Towns recycle abandoned stores

— -- Wisconsin Rapids, one of Wisconsin's old paper-mill towns, had never fought to keep Wal-Marts and other big-box retailers out. Quite the opposite. The city was so welcoming that it got a state grant to meet Wal-Mart's parking needs in the 1980s.

By the late 1990s, however, Wal-Mart outgrew the space and moved to the outskirts of town. Downtown Wisconsin Rapids was left with a 120,000-square-foot shell and a giant parking lot. A neighboring shopping center suffered.

Today, the old Wal-Mart has new life as the Centralia Center for senior citizens. "Had we not (done so) … today it would still be sitting there blighted," says Mayor Mary Jo Carson.

America's big-box experience is entering a new phase.

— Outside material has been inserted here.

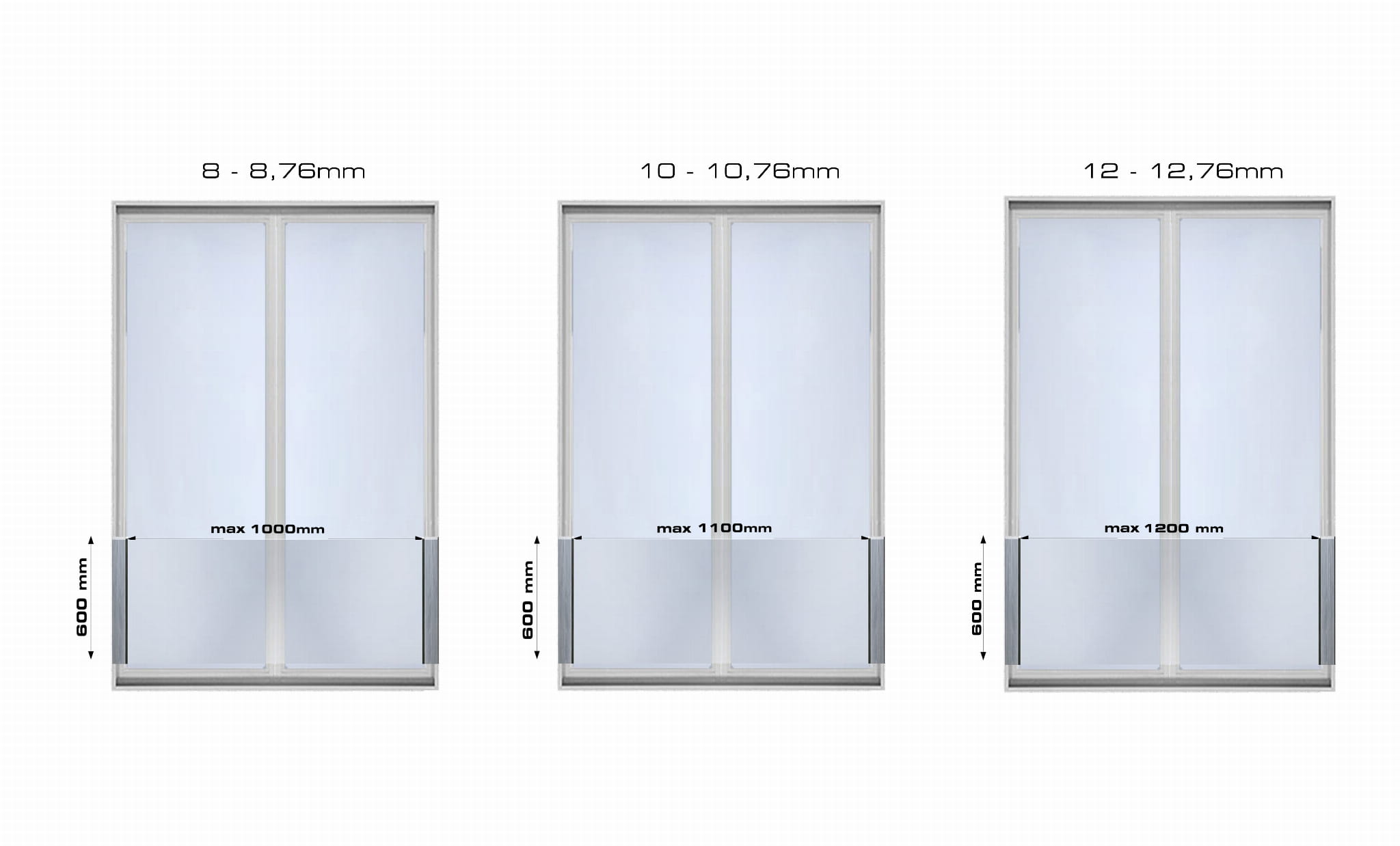 - Maksymalna wysokość szkła - 600mm

Some towns continue to block megastores because they object to their economic impact on local merchants and the traffic congestion they can create. But thousands of other towns across the USA that welcomed them face a growing challenge: What to do with the cavernous spaces left behind by retailers such as Home Depot, Wal-Mart and Kmart when they downsize or expand elsewhere.

Big-box stores leave huge spaces behind — many carry deed restrictions that prevent other retailers from moving in — and filling the space can be difficult. So cities have become creative and some are turning these hubs of capitalism into centers of civic life.

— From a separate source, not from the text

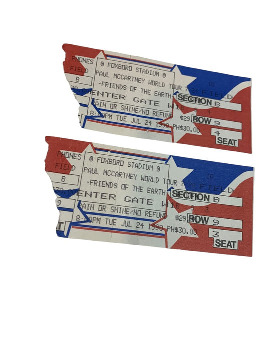 Set of 2 Paul McCartney World Tour Tickets July 24 1990 Foxboro Stadium Friends of the Earth Vintage
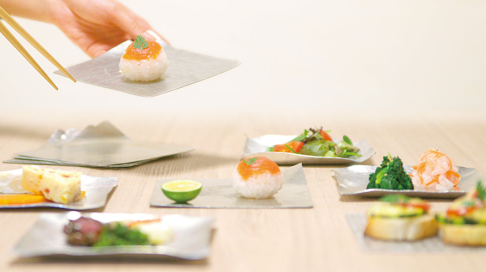 13×13は、取り皿として使用したり、和菓子屋小さなお料理をのせるのに丁度よく、テーブルシーン以外でも様々な使い方が出来る大きさです。

A Kmart in Hastings, Neb., is a Head Start Early Childhood Center. Kmarts in Buffalo and Charlotte and a Wal-Mart in Laramie, Wyo., are charter schools. After Hurricane Katrina's devastation in Louisiana, the St. Bernard Health Center opened in government trailers in the parking lot of a closed Wal-Mart.

Among the most unusual uses: An old Kmart in Austin, Minn., is the site of Hormel Foods offices and a museum dedicated to Hormel's famed meat product, Spam; the Peddlers Mall in Nicholasville, Ky., is a flea market and antiques mall where a Wal-Mart once was.

Profting from abandoned spaces

Julia Christensen spent six years documenting the trend in Big Box Reuse, a book to be published in November. She details how 10 communities turned vacant big-box stores into schools, a courthouse, church, museum and other civic organizations. "We have a bunch of empty buildings all over the country," says Christensen, an artist who teaches at Oberlin College in Ohio.

Most cities don't know what other cities are doing with abandoned big-box spaces, she says.

"I hope this project will give us a platform so that we can make informed decisions," Christensen says. An exhibit of Christensen's photos that appear in the book opens this week at the Miller Gallery at Carnegie Mellon University in Pittsburgh. "Hopefully, we can raise awareness," she says.

Wal-Mart owns more than 3,400 stores among its Supercenter versions, Sam's Clubs and others, says Jennifer Evans-Cowley, a city and regional planning professor at Ohio State University who has written about how communities can prepare for the short life span of mammoth stores.

"Every year, Wal-Mart closes stores," she says. "There are 15 major retailers. Multiply that by 2,000 stores each with a 20- to 25-year life cycle. It's not unreasonable to expect that closure would happen during that time."

Cities adopt new standards

More communities are introducing policies that require big-box retailers to help redevelop the spaces they leave behind. Some require them to tear down the stores if they're empty more than a year. Others have introduced design standards that require landscaping and more than one main entrance so that the building can accommodate multiple tenants in the future.

A retailer the size of Wal-Mart can make or break a town like Wisconsin Rapids, which has about 18,000 residents. "It changed us," Wisconsin Rapids Mayor Carson says of Wal-Mart's decision to leave downtown and build a superstore on the edge of town. The move eventually helped, she says.

"We, as a city, now have a central location for our seniors that's better than having it on the outskirts of town," Carson says.

About 20,000 square feet of the old store were knocked down to make way for a community garden and benches. Inside, seniors now enjoy a library, meeting rooms, a walking track, pool tables and state-of-the-art kitchen and computer center. The center also holds aging and disability centers for two counties.

"Local officials today have to be problem-solvers to survive," Carson says. "It might help local public officials to think as far out of the box as they can."